There is a 4GB cap with 32-bit processes. 64-bit processes are limited to 8TB on the x64 and 7TB on the Itanium for virtual addresses.

This link should give you a lot of information.
http://msdn.microsoft.com/en-us/library/windows/desktop/aa366778%28v=vs.85%29.aspx

[Keith Kanios]

64-bit processes are limited to 8TB on the x64 and 7TB on the Itanium for virtual addresses.

This link should give you a lot of information.
http://msdn.microsoft.com/en-us/library/windows/desktop/aa366778%28v=vs.85%29.aspx

Note that the 8TB limit is an artificial limitation imposed by Microsoft for Windows.

The current/latest virtual address space size/limit for the x86-64 is 48-bit, or 256TB. With a typical upper (kernel/OS) and lower (user process) half divide, that leaves 128TB for processes.

I had a question about this topic.  The stack on a 64-bit system is 64-bits wide.  But I don't know the size of the actual addresses that one normally uses when dealing with variables (memory locations) in an assembly program.

So for example, say you are on a x86_64:  The stack is 64-bits wide, and also say that of the items being passed in on the stack is an address to a variable (i.e. a reference to an array).  Is only the first half of the 64-bits used for that address, and the rest of it is zero padded?

Read up on Canonical form addresses at the Wikipedia link, below.

The only reason I ask this is because I heard that, while the physical address size might be 64-bits

The current/latest physical address space size/limit for the x86-64 is also 48-bit, or 256TB. The current architectural maximum is 52-bit, as imposed by how paging/PAE was extended for the AMD64 design. However, there's nothing to stop AMD or Intel from eventually reworking things for a full 64-bit (or more) physical address space as yet another (initially) optional extension akin to PAE... and with respect to the history of how the x86 has evolved, I would fully expect it (e.g. PAE2) at some point.

the addresses available for use by a program are only 32-bits because the OS caps the accessible memory at (I think) 4GB.  Therefore it would not make sense to use 64-bits for addresses if your application only has an accessible range of (2^32)-1.

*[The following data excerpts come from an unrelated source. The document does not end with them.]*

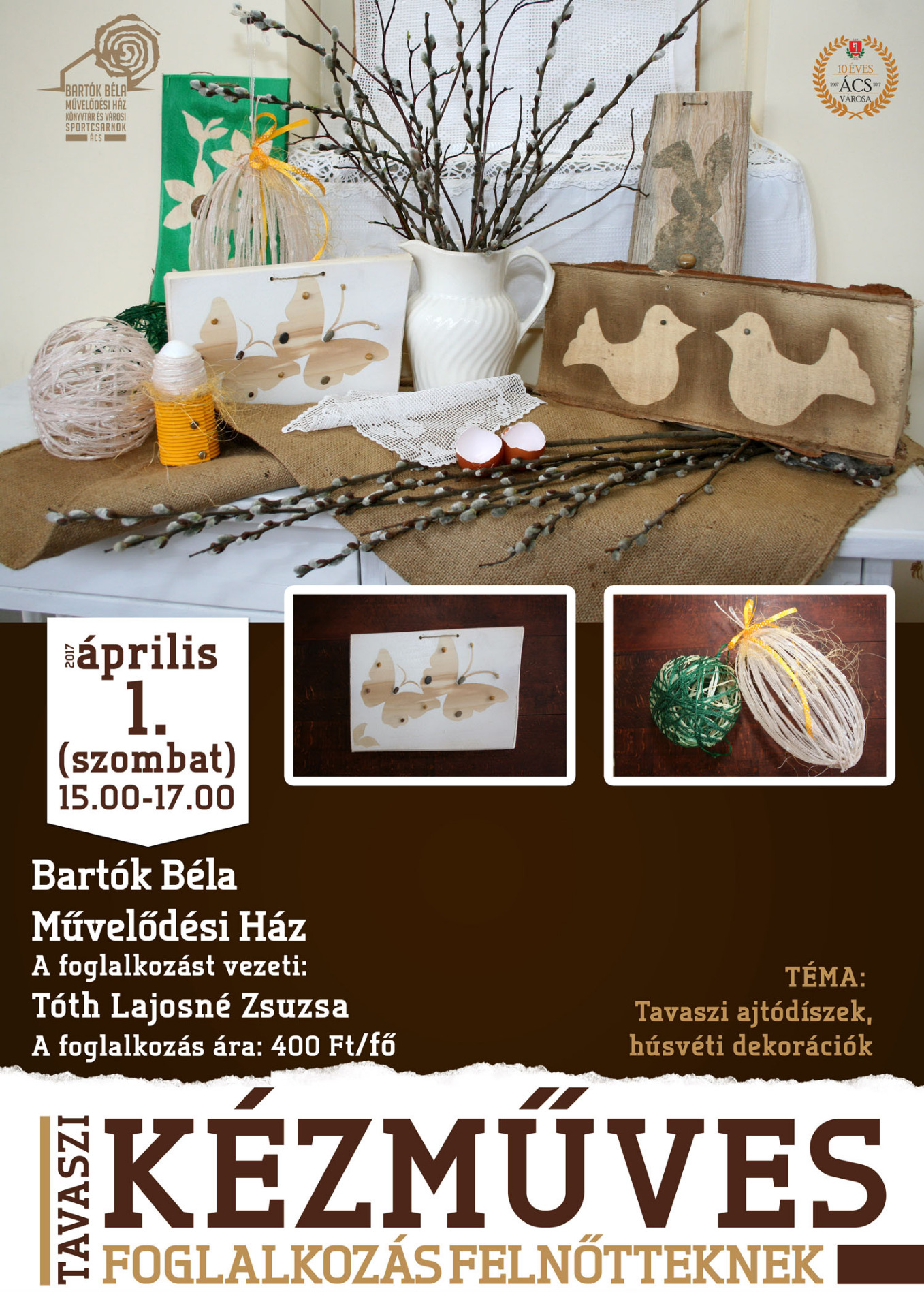 Április elsején várjuk ezúttal a felnőtteket a művelődési házba, ahol a tavaly már nagy sikert aratott rendezvényünk hangulatát szeretnénk megidézni. A felnőtteknek szóló kézműves foglalkozás keretében ezúttal tavaszi ajtódíszeket és húsvéti dekorációkat készítünk. Várjuk az érdeklődőket nagy szeretettel. Részletek a plakáton!
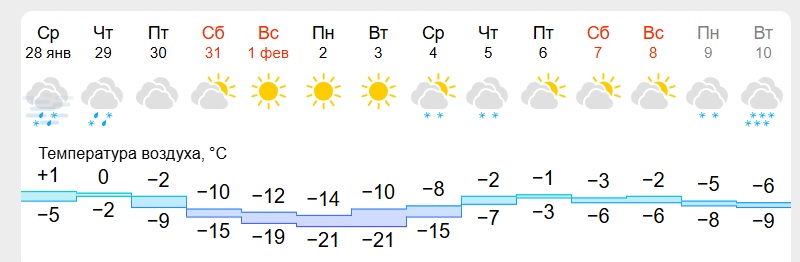 С пятницы, 30 января, в страну начнет заходить мощный антициклон, который принесет затяжные морозы и зимнюю погоду. Пик холода ожидается с 1 по 3 февраля, местами до −24 градусов ночью.
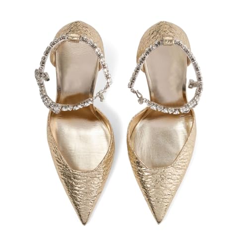 Women's Stiletto Heels Slingback Pumps - Pointed Closed Toe Ankle Rhinestone Strappy Buckle Fashion High Heeled Sandals 4
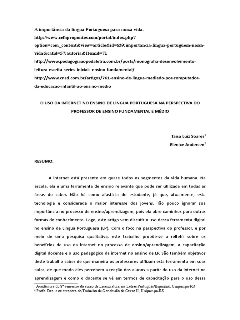 pedaggico da internet no ensino de Lngua Portuguesa, na perspectiva do professor.
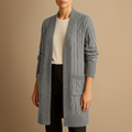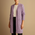 Women’s Cable Knit Long Cardigan – Open Front Design with Pockets
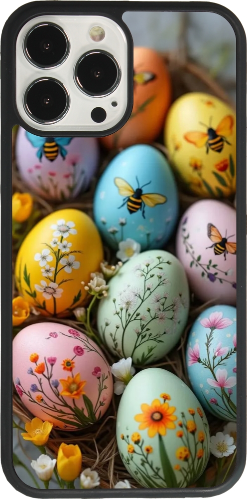 Coque iPhone 13 Pro Max - Silicone rigide noir Easter 2026 Eggs with bees

Depends on the OS. Compatibility mode definitely "enforces" a 32-bit virtual address space for obvious reasons.

Other than that, with relative addressing, you can address +/-2GB from the current instruction pointer, thus alleviating the cost of using 64-bit addressing everywhere. A properly designed x86-64 program may be marginally larger than its 32-bit counterpart, but should definitely be faster on the same CPU due to greater throughput.

More thorough information can be found at Wikipedia, OSDev.org and within the AMD/Intel processor manuals.

[hhh3h]

Thank you gentlemen, and congratulations Keith on your 333rd post!

I appreciate the links and the explanations.  On the topic of canonical addresses:  Only after you mentioned that did it ring a bell in my head that I was researching this topic once before [in regards to privilege levels (ring 0, 1, etc) and protected memory vs userspace memory] and read that there is a large chunk of numbers in the middle of the set of possible 64-bit integers that are unused.

In addition to what you linked, I read these (1, 2) and I think I understand that addresses are in fact stored as 64-bit integers regardless.  (So if you had to grab the address to an array off the stack, you would have to put it into a 64-bit register).

(I am not an assembly programmer, I am just interested in reading assembly and trying to follow along.)